ATHEISM: A CATHOLIC SCHOOL EDUCATION
Illustration by Saffron Sener
Yasmin Gehman
16 November 2019
As the words spilled out of my mouth, everyone within a ten foot radius turned and gasped in shock. Our school’s track star turned to face me —“Yasmin, you’re an atheist?” Concern plagued her voice, “I’ll pray for you.” And so it began.
I entered freshman year at my Catholic high school stumbling over newly learned prayers and songs expressing my devotion to God. I capitulated to the majority stance of Catholicism, accepting the teacher’s unchallenged claims and succumbing to their religious ideals. Day after day, I prayed the Our Fathers, the Hail Marys, the moments of silence—but for what? For something I may not truly believe in? I had never questioned the existence of God before the belief was forced upon me. Mandatory religion classes taught by teachers who were undoubtedly faithful, ironically, steered me away from acceptance of a higher power. Rather than passively affirm their convictions, I questioned their guidance.
I was painstakingly curious: examining the claims these religion teachers made, asking the ever feared “why’s” and “how’s,” not accepting “because it is in the Bible” as a valid answer. I became notorious for distracting the teacher; friends would excitedly nudge me as I walked into class, giving me an indication to start a rebuttal so they could do other work while I quarreled. I craved the exchanges—yearning for more explanation, a deeper insight, a different point of view. To the Catholic staff, my atheism was a one-way ticket to Hell—but to me, it was a belief, as valid as their Catholicism. I was learning more about myself through a disagreement with an unquestioned doctrine than I was when I blindly accepted someone else’s faith.
At first, I met the religion teacher’s instruction with contempt; I regretted my compliance with my parent’s decision to send me to Catholic school. I resented my polo and pleated skirt and dreaded religion class, where I was met with intrusive and imperious teachings—all of which I disagreed with. I vehemently declared my atheism, largely out of spite, wanting no part of this Catholic schooling. It was not until I entered my senior year of high school that I finally met a teacher willing to put aside her steadfast beliefs to reason with me. She took the time to analyze the Bible’s readings and decrees from a historical standpoint rather than an unquestionable, yet unexplainable, point of view. I still found myself at odds with the idea of an almighty, omnipresent ruler; but, I believed that in order to truly claim that I denied the concept of God, I needed to be fully educated and aware of what I was going against. So I began learning.
I studied passages from the Bible, intrigued by the accounts of the apostles and the commandments placed upon the disciples of God. As the year progressed, I began looking forward to religion class, and soon it became my favorite period. I learned to love studying a topic I disagreed with. I found the history, the accounts, the people fascinating. I no longer saw God as a viable belief, but more as a way to interpret humanity and the way we cope with hardship. I learned that the Bible is filled with countless life lessons and insightful ideals that are unquestionably important. It is a great book for understanding how to treat others as well as yourself. I did not need to agree with the overarching belief in God, but I could appreciate the Bible’s ethical mores and principles.
My Catholic schooling revealed that disagreeing with a belief does not excuse being ignorant of it. I was able to learn to accept new perspectives, and use skepticism as a tool of insight, not of opposition. Transitioning into college, these realizations have immensely shaped my views. As a student at one of the most liberal and historically politically active institutions in the country, I am so thankful I was forced to learn the ins and outs of Catholicism. My religious curiosity has not faded and at Cal, as I am surrounded by people from a multitude of religious backgrounds, many of whom welcome an intellectual conversation about their beliefs. SexLocals My experience as a student in a Catholic school has made me more confident and comfortable exploring my interest in other religions. This education provided me with the tools to appreciate and respect a conflicting point of view; it taught me the skills to argue with knowledge and reason, not just emotion; it helped me recognize that intolerance is a means of division, not unity—that it is acceptable to go against the norm, but it is unacceptable to do so without reason.

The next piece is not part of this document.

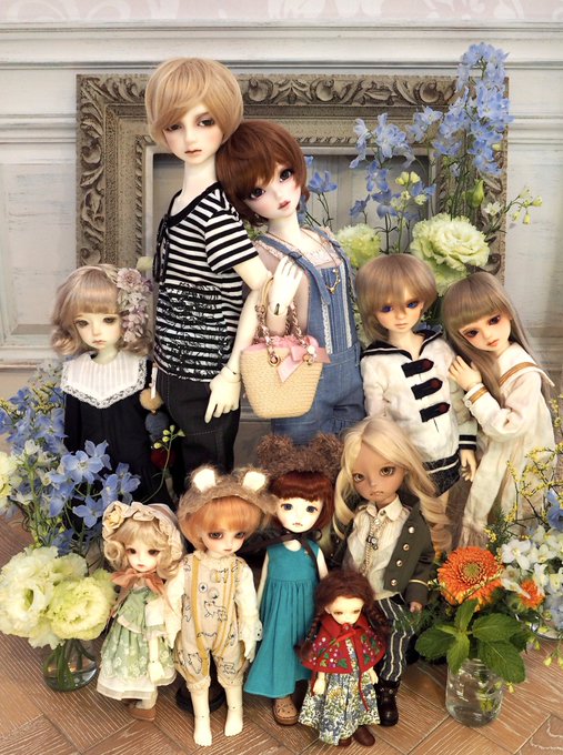 背の順 左からimda1.7、2.2、2.6、3.0、4.3 これでimda5.3以外のimda全員の背の順!! 併せしようと言ってたわけじゃないのに揃ってて面白かった🤣 #サイズ違いのお人形さんのお写真が見たい #藤屋百華ドール部 #imdadoll

What my teachers probably viewed as contentious and annoying, I always deemed educational. What power do beliefs hold if they cannot withstand examination? I do not believe in God because I believe in what can be proven with science, with data, with numbers, with reasoning. This stance may not last forever—I know I have the capacity to change, just as I did my freshman year of high school. I am not so closed minded or arrogant to say unquestionably that God does not exist; I am just one person, with one opinion, in one point in time, who is open to anything the future holds.